Design A two-group experimental design with repeated measures observing
infants from birth to 6 months.
Setting An experimental nursery and a standard control nursery of a hospital in
the Northwest.
Sample N = 120 infants (preterm infants: n = 106, with 50 in the experimental
nursery and 56 in the control nursery).
Inclusion criteria: 1) medically stable, 2) gestational age determined by
Ballard scoring system, 3) anticipated hospital stay of at least 1 week, 3)
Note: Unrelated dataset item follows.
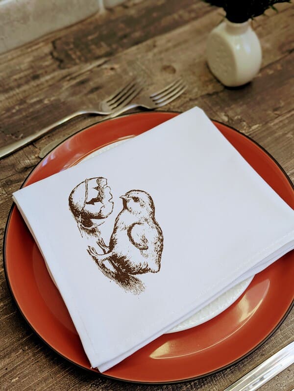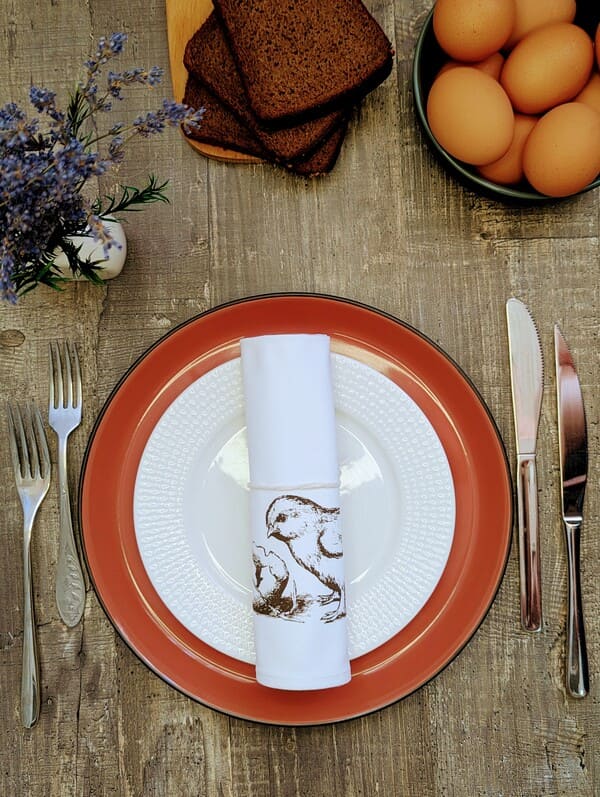 Почему стоит купить салфетки именно из этой коллекции? Во-первых, это 100% натуральный отбеленный хлопок - гипоаллергенный, дышащий и приятный на ощупь. Во-вторых, ручная работа: каждый принт наносится с вниманием к деталям, поэтому сервировочные салфетки получаются по-настоящему эксклюзивными. В-третьих, универсальность: милый сюжет с цыплёнком идеально вписывается в весеннюю тематику, но при этом не привязан жёстко к одному празднику. Такие красивые салфетки уместны и на пасхальном столе, и на дне рождения, и на романтическом ужине, и просто в будний день - чтобы порадовать себя.

birthweight appropriate for gestational age, 4) inborn, 5) at least one
English-speaking parent, and 6) having none of the following
conditions: mechanical ventilation, severe apnea or bradycardia, major
congenital anomalies or chromosomal abnormalities, intraventricular
hemorrhage ≥ Grade III, neurological pathology, or severe respiratory
distress indicated by mechanical ventilation ≥ 28 days.
Procedure Infants were videotaped on a specific day using a real-time video
recorder at approximately 34 weeks postmenstrual age and again prior
to discharge. Infants were recorded twice on each day during 4-hour
inter-feeding intervals.
Outcome variable:
Infant sleep-wake
states		 Infant sleep-wake states identified using a videotape coding form based
on the 13-states scoring system designed by Als (1986). The 13-states
coding system included: very deep sleep, deep sleep, noisy light sleep,
light sleep, drowsy with more activity, drowsy, awake and quiet,
hyperalert, bright alert, active, considerable activity, intense crying, and
lusty crying. Infant states were scored at 15-second intervals by trained
coders with inter-rater and intra-rater reliability of the coding
maintained at > .85.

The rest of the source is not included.